What are the most hardcore optimisations you've seen?

I'm not talking about algorithmic stuff (eg use quicksort instead of bubblesort), and I'm not talking about simple things like loop unrolling.
I'm talking about the hardcore stuff. Like Tiny Teensy ELF, The Story of Mel; practically everything in the demoscene, and so on.
I once wrote a brute force RC5 key search that processed two keys at a time, the first key used the integer pipeline, the second key used the SSE pipelines and the two were interleaved at the instruction level. This was then coupled with a supervisor program that ran an instance of the code on each core in the system. In total, the code ran about 25 times faster than a naive C version.
In one (here unnamed) video game engine I worked with, they had rewritten the model-export tool (the thing that turns a Maya mesh into something the game loads) so that instead of just emitting data, it would actually emit the exact stream of microinstructions that would be necessary to render that particular model. It used a genetic algorithm to find the one that would run in the minimum number of cycles. That is to say, the data format for a given model was actually a perfectly-optimized subroutine for rendering just that model. So, drawing a mesh to the screen meant loading it into memory and branching into it.
(This wasn't for a PC, but for a console that had a vector unit separate and parallel to the CPU.)
In the early days of DOS when we used floppy discs for all data transport there were viruses as well. One common way for viruses to infect different computers was to copy a virus bootloader into the bootsector of an inserted floppydisc. When the user inserted the floppydisc into another computer and rebooted without remembering to remove the floppy, the virus was run and infected the harddrive bootsector, thus permanently infecting the host PC. A particulary annoying virus I was infected by was called "Form", to battle this I wrote a custom floppy bootsector that had the following features:
Validate the bootsector of the host harddrive and make sure it was not infected.
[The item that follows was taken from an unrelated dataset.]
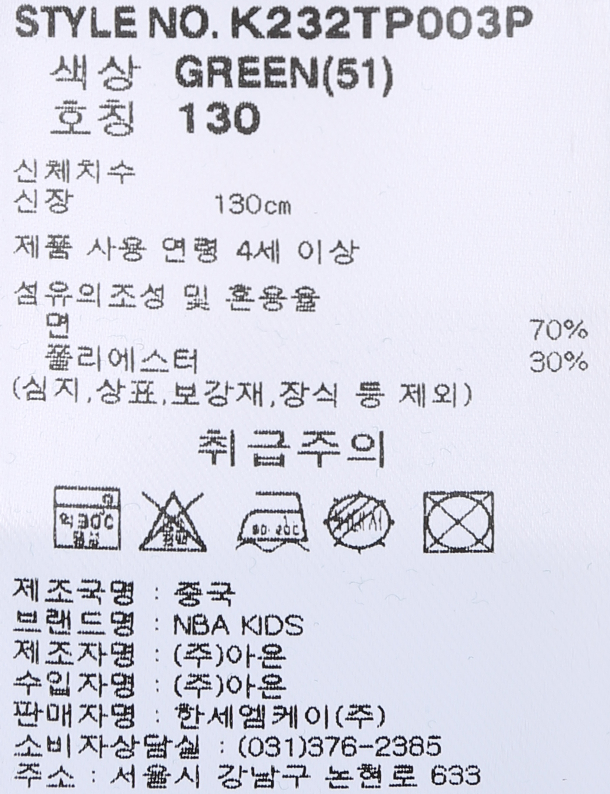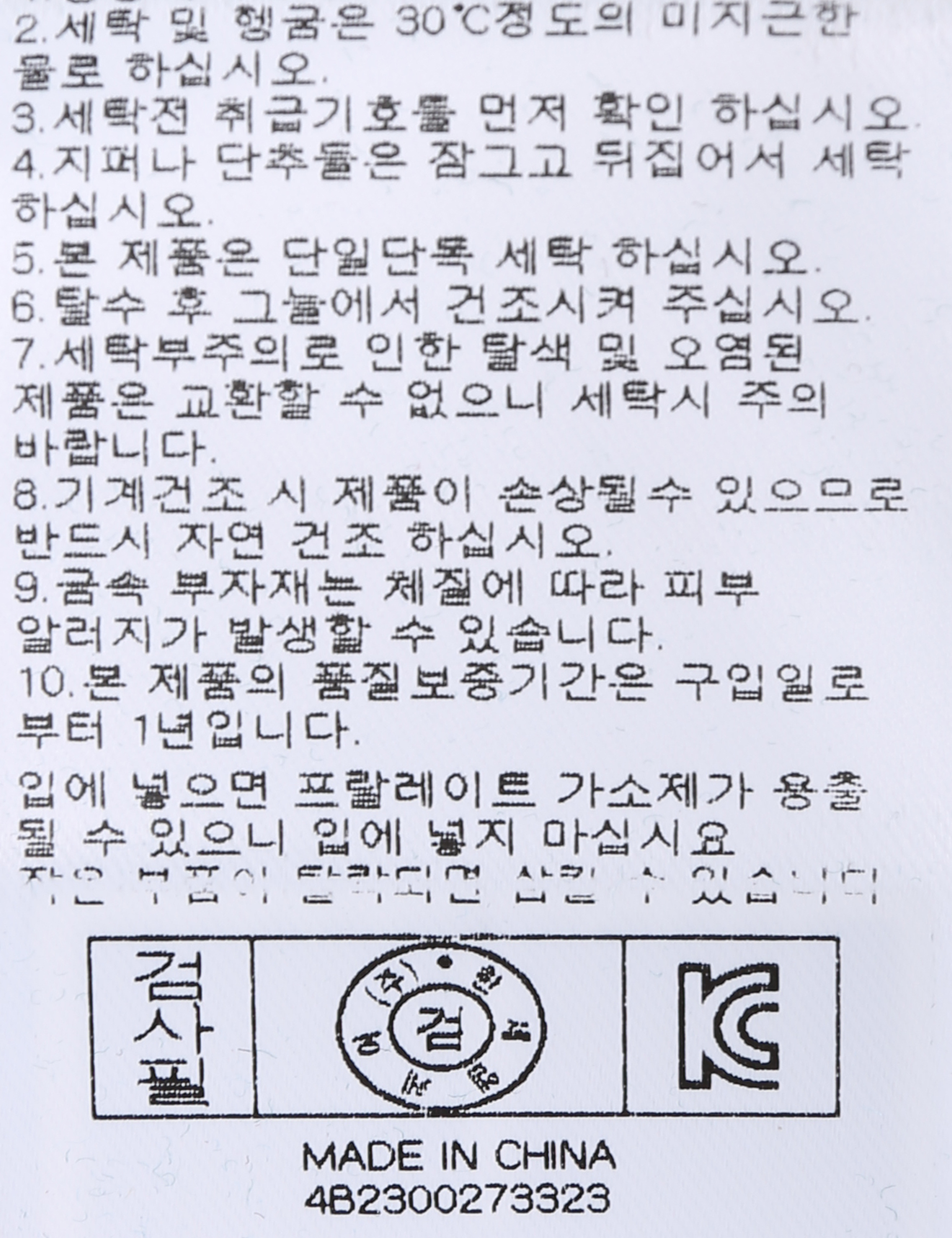 | 세탁방법 및 취급시 주의사항 | 중성세제로 단 시간내에 세탁하십시오.(케어라벨참고) |

Validate the floppy bootsector and
make sure that it was not infected.
Code to remove the virus from the
harddrive if it was infected.
Code to duplicate the antivirus
bootsector to another floppy if a
special key was pressed.
Code to boot the harddrive if all was
well, and no infections was found.
This was done in the program space of a bootsector, about 440 bytes :)
The biggest problem for my mates was the very cryptic messages displayed because I needed all the space for code. It was like "FFVD RM?", which meant "FindForm Virus Detected, Remove?"
I was quite happy with that piece of code. The optimization was program size, not speed. Two quite different optimizations in assembly.
My favorite is the floating point inverse square root via integer operations. This is a cool little hack on how floating point values are stored and can execute faster (even doing a 1/result is faster than the stock-standard square root function) or produce more accurate results than the standard methods.
In c/c++ the code is: (sourced from Wikipedia)
float InvSqrt (float x)
{
float xhalf = 0.5f*x;
int i = *(int*)&x;
i = 0x5f3759df - (i>>1); // Now this is what you call a real magic number
x = *(float*)&i;
x = x*(1.5f - xhalf*x*x);
return x;
}
A Very Biological Optimisation
Quick background: Triplets of DNA nucleotides (A, C, G and T) encode amino acids, which are joined into proteins, which are what make up most of most living things.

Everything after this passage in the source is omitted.